Оценка содержания мРНК гена NETO2 при СПК

Во всех случаях СПК (97%, 29/30, Р<0.01) обнаружено повышение содержания мРНК гена NETO2 от 3-х до 100-х раз по сравнению с «условными» нормальными тканями (фиг.1). Значение LI_cp (Level Increase - средний уровень повышения) для всей выборки составило 15 раз. Значения LI_cp и FI (Frequency Increase - частота повышения) в образцах, соответствующих различным клиническим стадиям и для всей выборки близки.

Статистически значимых корреляций между степенью, частотой повышения содержания мРНК гена NETO2 и такими характеристиками, как клиническая стадия, размер первичной опухоли, возраст и пол пациента, не выявлено. В исследованной выборке всего 3 образца СПК с метастазами, поэтому разделения образцов на группы с метастазами и без метастазов не проводили.

Представленное выше подробное описание изобретения и его конкретных воплощений, приведенных в примерах со ссылкой на фигуры, предназначено исключительно для более полного уяснения сущности заявленного изобретения, но не для его ограничения.

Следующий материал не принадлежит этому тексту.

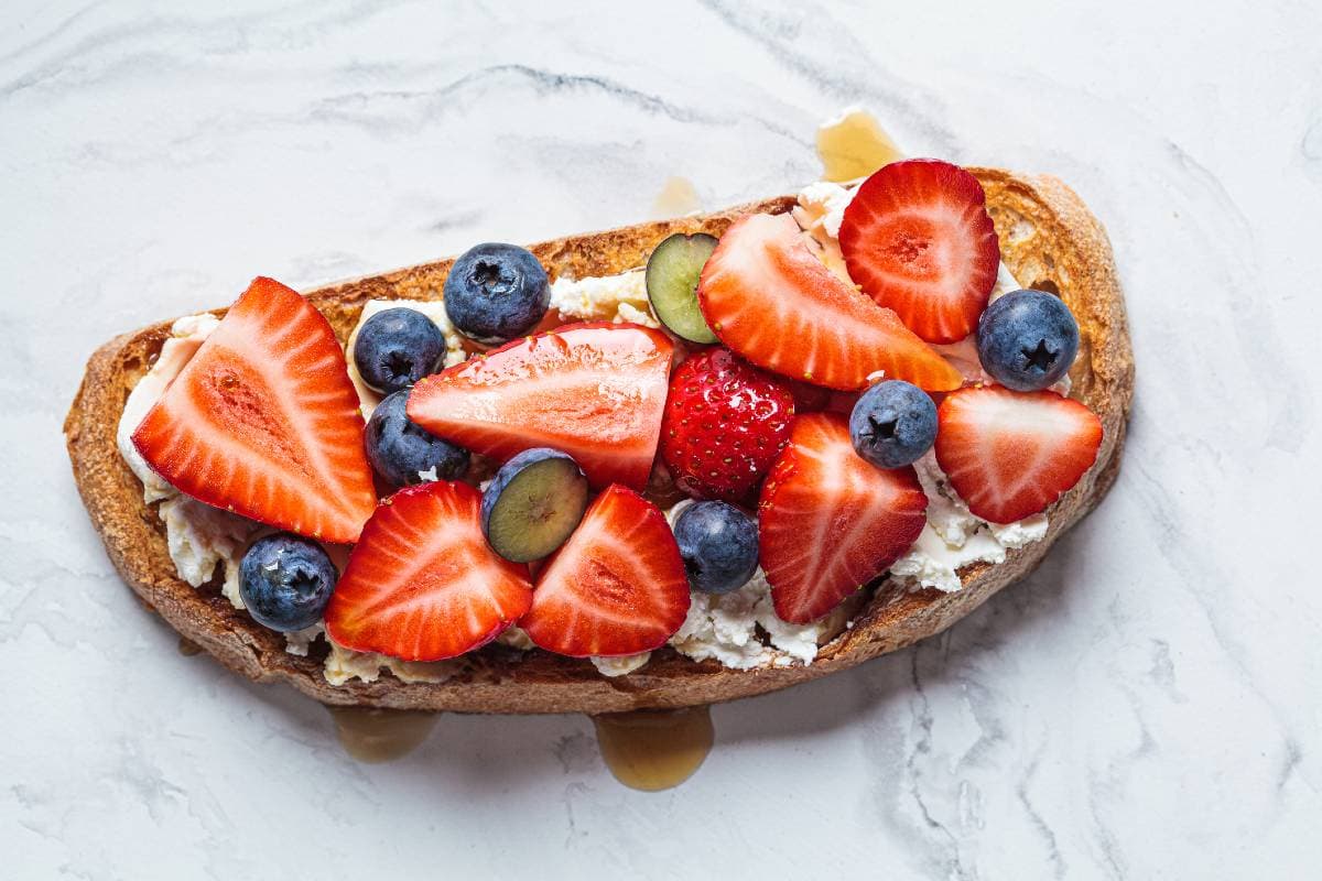 - Coloca queso ricotta en cada pieza de pan y decora con los frutos rojos.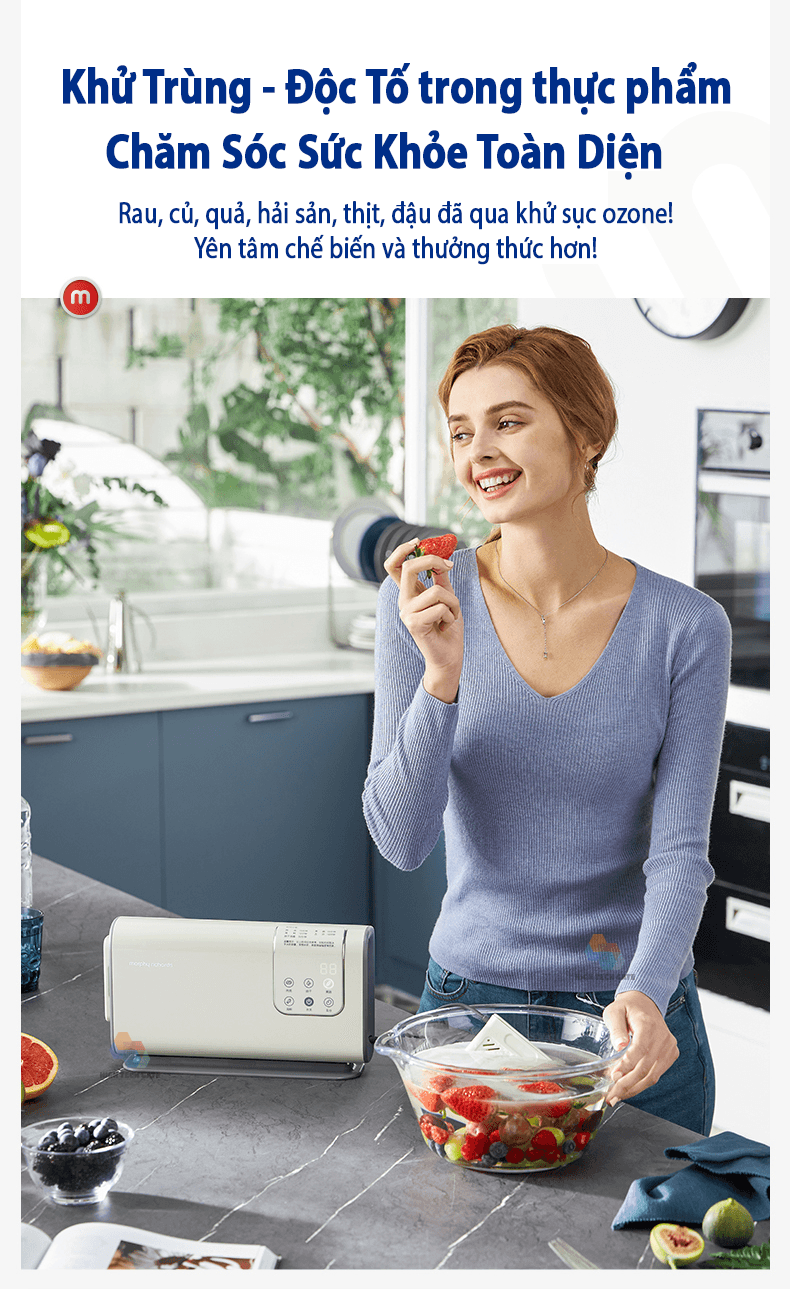 Mua tại TiktokMáy khử khuẩn thực phẩm rau củ, thịt cá hải sản là sản phẩm hỗ trợ rửa và khử trùng thực phẩm vô cùng hiệu quả cho gia đình hiện đại. Hiện nay với những cách gieo trồng và chăn nuôi sử dụng nhiều chất kích thích tăng trưởng. Nên rau củ quả thịt cá, hải sản thường sẽ chứa nhiều chất độc hại. Do đó, máy khử trùng thực phẩm này sẽ là cứu tinh giúp loại bỏ nhiều độc tố trong đồ ăn chế biến, với công nghệ khử Hydrolxyl tiên tiến, đảm bảo chăm sóc sức khỏe trọn vẹn hơn. Máy Khử Khuẩn Thực Phẩm Morphy Richards MR2061

Специалисту будет ясно, что могут быть сделаны различные изменения, которые, тем не менее, будут соответствовать сущности и объему настоящего изобретения, которые определяются прилагаемой формулой изобретения.

SEQUENCE LISTING

<110> ФЕДЕРАЛЬНОЕ ГОСУДАРСТВЕННОЕ БЮДЖЕТНОЕ УЧРЕЖДЕНИЕ НАУКИ ИНСТИТУТ МОЛЕКУЛЯРНОЙ БИОЛОГИИ ИМ. В. А. ЭНГЕЛЬГАРДТА РОССИЙСКОЙ АКАДЕМИИ НАУК

INSTITUT MOLEKULYARNOI BIOLOGII ROSSIISKOI AKADEMII NAUK

<120> СПОСОБ ДИАГНОСТИКИ СВЕТЛОКЛЕТОЧНОЙ ПОЧЕЧНО-КЛЕТОЧНОЙ КАРЦИНОМЫ И НАБОР ДЛЯ ЕГО ОСУЩЕСТВЛЕНИЯ

<130> R06100200/44

<160> 2

<170> PatentIn version 3.1

<210> 1

<211> 25

<212> DNA

<213> Artificial sequence

<220>

<223> Forward primer NETO2_F

<400> 1

gctctgctcg gtcctcaaag tgttg 25

<210> 2

<211> 21

<212> DNA

<213> Artificial sequence

<220>

<223> Reverse primer NETO2_R

<400> 2

aaatgccaca ctgggttgca gg 22

<210> 3

<211> 31

<212> DNA

<213> Artificial sequence

<220>

<223> Probe NETO2_Z

<400> 3

5'- FAM -actggtagtg gaagggattg ccgtggccca -RTQ1- 3' 30

1. Способ диагностики светлоклеточной почечноклеточной карциномы (СПК), включающий следующие стадии:
а) получение исходной пары образцов ткани от пациента, где один из образцов получен из предположительно пораженной раком ткани, а второй получен из прилегающей гистологически нормальной ткани («условной нормы»);
б) выделение и очистка препаратов РНК из исходной пары образцов;
в) синтез одноцепочечной или двуцепочечной кДНК на матрице РНК с использованием олигонуклеотидных праймеров;
г) проведение количественной реакции амплификации фрагмента гена NETO2 с использованием кДНК, полученной на стадии в), в качестве матрицы, и пары геноспецифичных олигонуклеотидных праймеров и зонда с последовательностями SEQ ID NO: 1, 2 и 3;
д) сравнение количества амплифицированного фрагмента ДНК NETO2 для образца, полученного из предположительно пораженной раком ткани, с количеством амплифицированного фрагмента ДНК для образца, полученного из нормальной ткани, где указанные количества амплифицированного фрагмента ДНК отражают изменение содержания мРНК гена NETO2, причем повышение содержания мРНК гена NETO2 служит диагностическим признаком СПК.

2. Способ по п.1, в котором на стадии г) количественная реакция амплификации фрагмента гена NETO2 представляет собой ПЦР в режиме реального времени.

3. Способ по п.1, в котором на стадии д) в качестве внутреннего контроля для тканей почки используют гены GUSB и/или RPN1, кодирующие бета-глюкуронидазу и рибофорин 1 соответственно.

4. Набор праймеров и зонда для осуществления способа по п.1 для осуществления полимеразной цепной реакции в режиме реального времени для количественной оценки содержания мРНК гена NETO2, имеющих последовательность SEQ ID NO: 1, 2 и 3.